I have a USA Mighty Moe engine, it used to be hook and loop, I have all Aristocraft cars with hook and loop for this engine only(my sons engine, thought hook and loop would be easier for him), finally went with Aristo couplers on all the cars, but Aristo coupler does not fit on USA engine unless I cut off a couple plastic pieces, is there any way to make this work without cutting plastic on the engine?

Tom H


----------



## dieseldude (Apr 21, 2009)

How about a "transition car." USA coupler at one end and Aristo coupler at the other.


----------



## tom h (Jan 2, 2008)

Its not about the cars, its about the USA engine to the cars.

Tom H


----------



## Dan Pierce (Jan 2, 2008)

If going with knuckles, how abut Kadees.


----------



## LogSkidder01 (Jul 30, 2009)

OH My! If we only had Coupler Standards this issue would not keep bugging us. 

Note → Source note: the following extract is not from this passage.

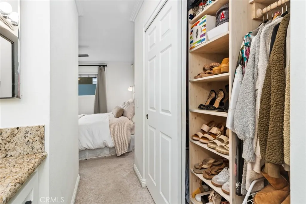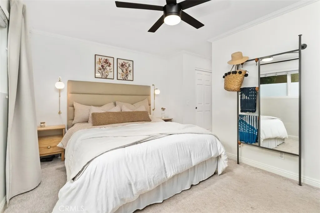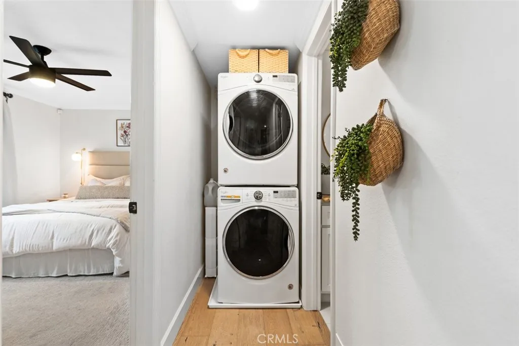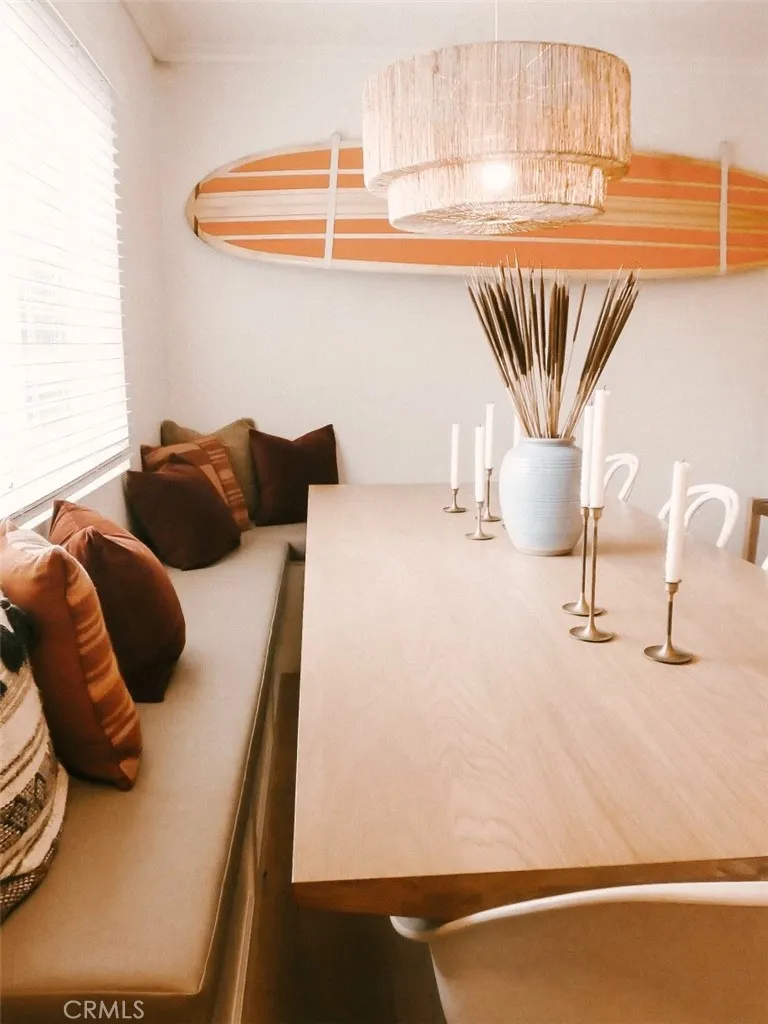 214 Via Robina #5 presents a stylishly renovated condo in the hills of San Clemente with inviting indoor spaces and relaxing views from the upgraded floating floor deck. Two bedrooms, two bathrooms and one car garage located on large cul-de-sac. The showpiece kitchen features modern Shaker cabinetry with CB2 matte black hardware, a handmade Zellige Moroccan tile backsplash with tight grout lines for sheer beauty, and granite countertops with a deep double sink. A suite of Samsung Bespoke matte black appliances, accented with white glass fronts, includes a five-burner gas range with oven, coordinating refrigerator, microwave and dishwasher. A raised ceiling with recessed lighting and an adjacent built-in banquette with custom cushions create a warm, functional dining space ideal for gatherings of up to 1012. Both bathrooms have been elevated with designer mirrors, the primary featuring timeless marble flooring and the hall bathroom showcasing large-format porcelain floors and custom shelving. Throughout the home, brushed European oak engineered wood floors, finished with polyurethane for durability and beauty, add richness. Additional details include 4-inch crown molding, six-panel doors, and textured cut-pile carpet in the bedrooms. Each bedroom also offers a matte black ceiling fan for style and comfort. Other highlights include a central heater (installed 2016), dual-pane windows, custom built-in Shaker-style entertainment cabinetry in the living room, and a full-size stacked washer/dryer. For leasure enjoy the HOA common area garden for residents and common area patio wi

Note: I still had to cut plastic to get a Kadee to couple and run well on a USA Mighty Moe.


----------



## altterrain (Jan 2, 2008)

Tom, 

I think you missed the idea of dieseldude's suggestion. He was suggesting you put the USA knuckle couplers on the loco then you have one car in front that has a USA knuckle coupler on one end to hook up to the loco and an Aristo coupler to hook up to the rest of the cars. 
This is assuming putting the USA knuckle on the loco is a non-modification swap. 

-Brian


----------



## tom h (Jan 2, 2008)

I guess I should of said I did not have a USA coupler, thats why I only said Aristo, the engine came with only hook and loop, sorry.

Tom H


----------



## Totalwrecker (Feb 26, 2009)

Then instead of the non existant USA, think hook and loop.... put the original back on the loco and change one end of freight car to hook 'n loop 

It's not that big a deal to cut an Aristo coupler, I did that and then had to flip it on the shank so that I could use a drawbar stand on a tender bash... it didn't complain once... lol. 

John


----------



## Nicholas Savatgy (Dec 17, 2008)

If these guys ideals dont pan out, PM me im sure i have a used USA coupler around i can mail you. they do work fine with Aristos. Ive gone to all kades and no issues at all.


----------